Top of SUPPLIED RECORDS

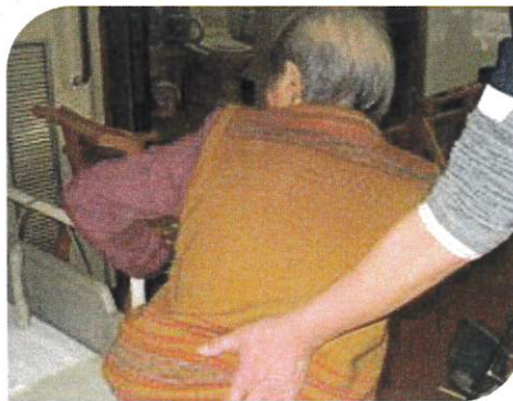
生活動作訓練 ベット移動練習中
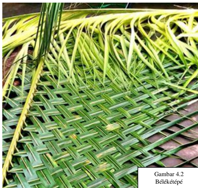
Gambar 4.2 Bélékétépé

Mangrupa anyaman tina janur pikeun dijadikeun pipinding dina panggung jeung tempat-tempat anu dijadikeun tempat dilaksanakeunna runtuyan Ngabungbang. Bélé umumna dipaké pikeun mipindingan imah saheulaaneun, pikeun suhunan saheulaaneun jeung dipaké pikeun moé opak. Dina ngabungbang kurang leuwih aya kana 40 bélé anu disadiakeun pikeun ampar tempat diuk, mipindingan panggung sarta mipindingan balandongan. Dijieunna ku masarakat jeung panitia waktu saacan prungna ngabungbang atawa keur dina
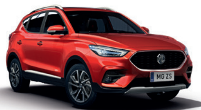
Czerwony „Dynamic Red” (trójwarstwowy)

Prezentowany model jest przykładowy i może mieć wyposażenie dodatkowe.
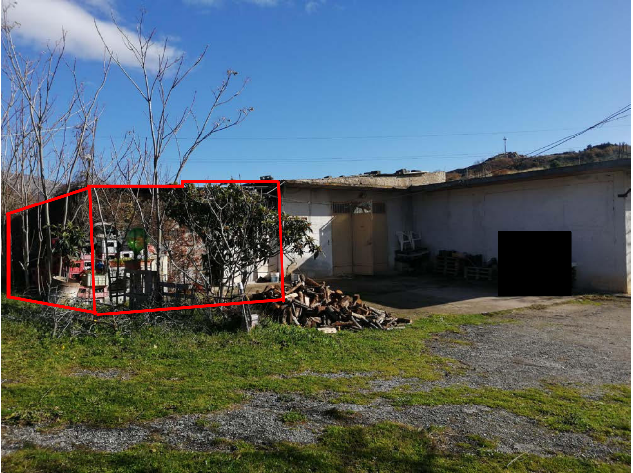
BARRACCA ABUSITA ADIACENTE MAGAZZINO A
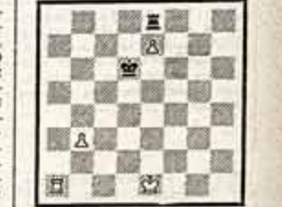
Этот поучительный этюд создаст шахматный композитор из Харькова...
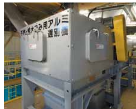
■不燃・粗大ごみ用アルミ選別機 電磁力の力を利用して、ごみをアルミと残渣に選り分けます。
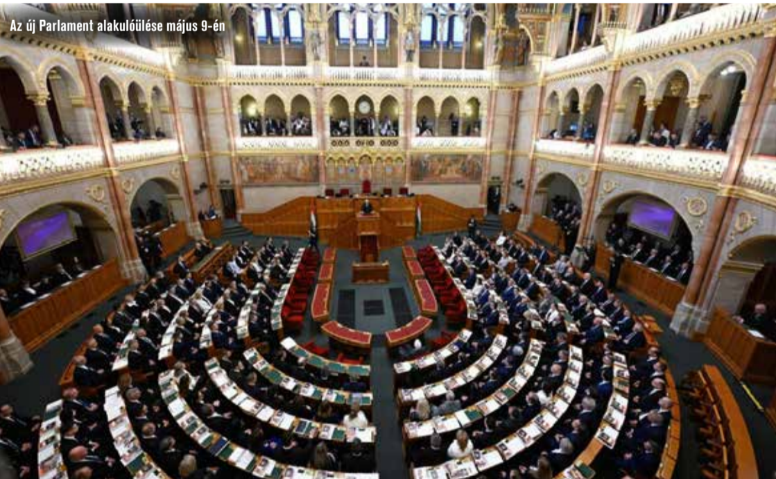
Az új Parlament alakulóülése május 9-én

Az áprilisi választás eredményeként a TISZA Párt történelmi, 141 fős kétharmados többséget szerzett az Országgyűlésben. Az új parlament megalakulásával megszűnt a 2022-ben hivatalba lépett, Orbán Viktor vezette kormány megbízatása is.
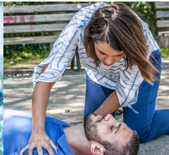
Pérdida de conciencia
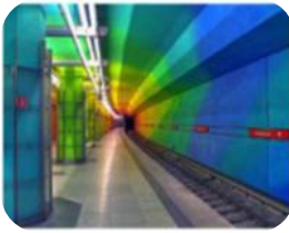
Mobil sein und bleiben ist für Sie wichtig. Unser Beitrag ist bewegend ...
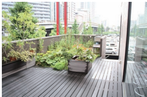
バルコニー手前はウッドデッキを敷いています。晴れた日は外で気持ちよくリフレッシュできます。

Bottom of SUPPLIED RECORDS

▶ _WHAT IS BEING ASKED_
Drop the pictures and reproduce the rest of the data exactly.

▶ _SOLUTION TO THIS PROBLEM_
生活動作訓練 ベット移動練習中
Gambar 4.2 Bélékétépé

Mangrupa anyaman tina janur pikeun dijadikeun pipinding dina panggung jeung tempat-tempat anu dijadikeun tempat dilaksanakeunna runtuyan Ngabungbang. Bélé umumna dipaké pikeun mipindingan imah saheulaaneun, pikeun suhunan saheulaaneun jeung dipaké pikeun moé opak. Dina ngabungbang kurang leuwih aya kana 40 bélé anu disadiakeun pikeun ampar tempat diuk, mipindingan panggung sarta mipindingan balandongan. Dijieunna ku masarakat jeung panitia waktu saacan prungna ngabungbang atawa keur dina
Czerwony „Dynamic Red” (trójwarstwowy)

Prezentowany model jest przykładowy i może mieć wyposażenie dodatkowe.
BARRACCA ABUSITA ADIACENTE MAGAZZINO A
Этот поучительный этюд создаст шахматный композитор из Харькова...
■不燃・粗大ごみ用アルミ選別機 電磁力の力を利用して、ごみをアルミと残渣に選り分けます。
Az új Parlament alakulóülése május 9-én

Az áprilisi választás eredményeként a TISZA Párt történelmi, 141 fős kétharmados többséget szerzett az Országgyűlésben. Az új parlament megalakulásával megszűnt a 2022-ben hivatalba lépett, Orbán Viktor vezette kormány megbízatása is.
Pérdida de conciencia
Mobil sein und bleiben ist für Sie wichtig. Unser Beitrag ist bewegend ...
バルコニー手前はウッドデッキを敷いています。晴れた日は外で気持ちよくリフレッシュできます。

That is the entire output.